Библия молчит о грехах матерей, несмотря на то что их грехи были куда важнее, чем грехи отцов. Цепочка древних образов снова и снова протягивалась от матерей к дочерям, а потом к их дочерям и к дочерям их дочерей…
Может быть, здесь кроется объяснение тому, что женщинам трудно постоять за себя, пользуясь равноправием, предоставленным им обществом.
Я должна от всей души поблагодарить Лисбет Андреассон, которая любезно отредактировала книгу о Ханне с точки зрения специалиста по истории культуры, снабжала меня литературой о Дальсланде и – последнее, но очень важное – перевела некоторые реплики с литературного шведского на дальсландский диалект. Кроме того, хочу выразить мою признательность также и Андерсу Седербергу, за его критику, живое участие и воодушевляющую помощь в подготовке проекта книги. Большое спасибо также моим друзьям Сиву и Джонни Ханссон, которых я дергала всякий раз, когда у меня зависал новый компьютер. А случалось это не один раз.
И, конечно, я хочу поблагодарить моего мужа за то, что он все это выдержал!

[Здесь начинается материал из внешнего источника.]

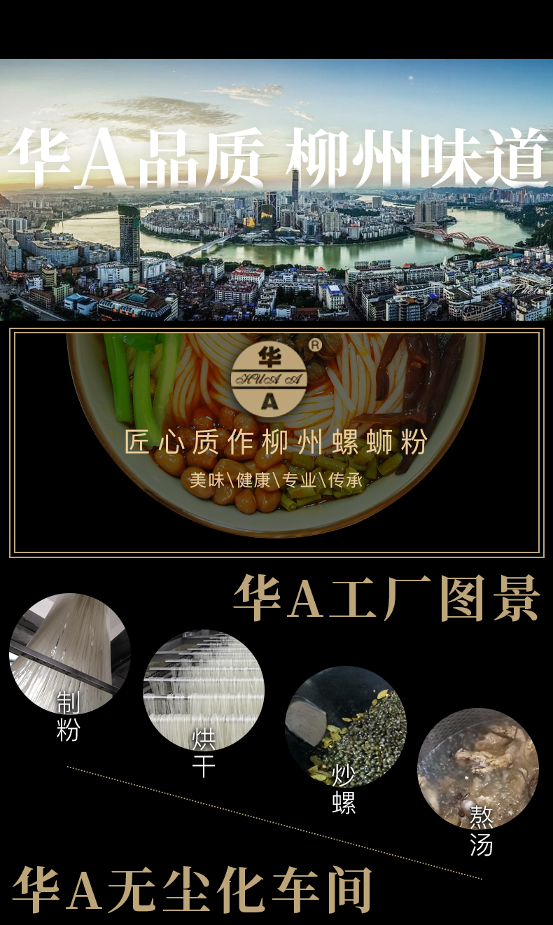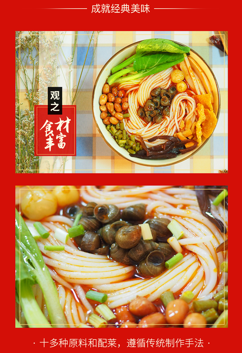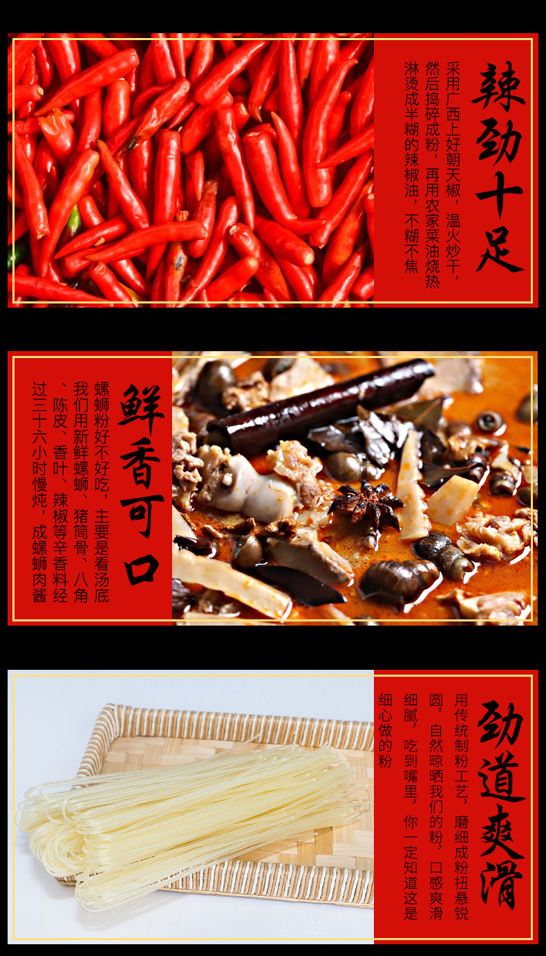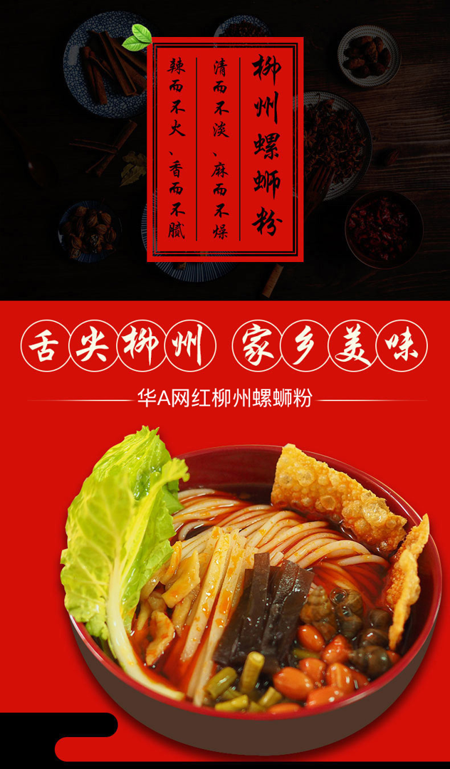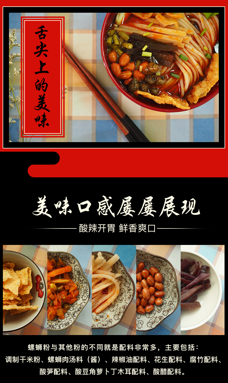汤底由精选柳州田螺、猪筒骨、朝天椒、山奈、八角、肉桂、丁香、沙姜、桂皮、陈皮、茴香等多种天然香料经过36小时小火慢炖,精制成酱,味浓酸辣,鲜香可口,形成柳州螺蛳粉特有的鲜美味道,让人吃了还想吃。
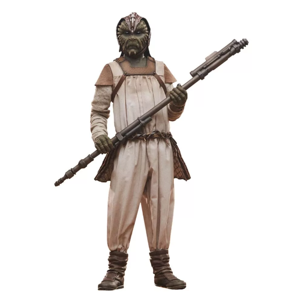 Inspired by the character's appearance in Return of the Jedi&trade., this fully articulated, highly poseable high-end Star Wars figure wears tailored fabric clothing accurate to his on-screen ensemble. His outfit consists of a tan vest, trousers, and hood, as well as armor befitting a henchman in Jabba the Hutt's entourage. The Klaatu&trade. Sixth Scale High-End Collectible Figure also wears a belt laden with thermal detonators across his chest and includes a pair of relaxed hands and a pair of gripping hands for the vibrostaff accessory.

И еще одно, последнее замечание. В моей книге нет ничего автобиографического. Анна, Ханна и Юханна нисколько не похожи на меня, мою мать и мою бабушку. Образы Анны, Ханны и Юханны порождены моей фантазией и не имеют ничего общего с реальными людьми. Именно это и делает их такими живыми. Во всяком случае, для меня. И надеюсь, что и для вас, читатель. Может быть, вы задумаетесь о том, какой была ваша бабушка и как ее образ придал форму вашей жизни.
Анна. Пролог
Ей казалось, что стоит ясный зимний день, тихий, светлый – такие дни бывают, когда только что выпадает снег. Раздался резкий, трескучий звук – словно разбился упавший на пол стакан. Звук испугал ее. Как будто кто-то плакал возле кровати, прячась в белизне.
Она часто слышала плач.
Память она утратила четыре года назад. Потом, через несколько месяцев, пропала и речь. Она, правда, видела и слышала, но и люди, и вещи, потеряв имена, лишились и смысла.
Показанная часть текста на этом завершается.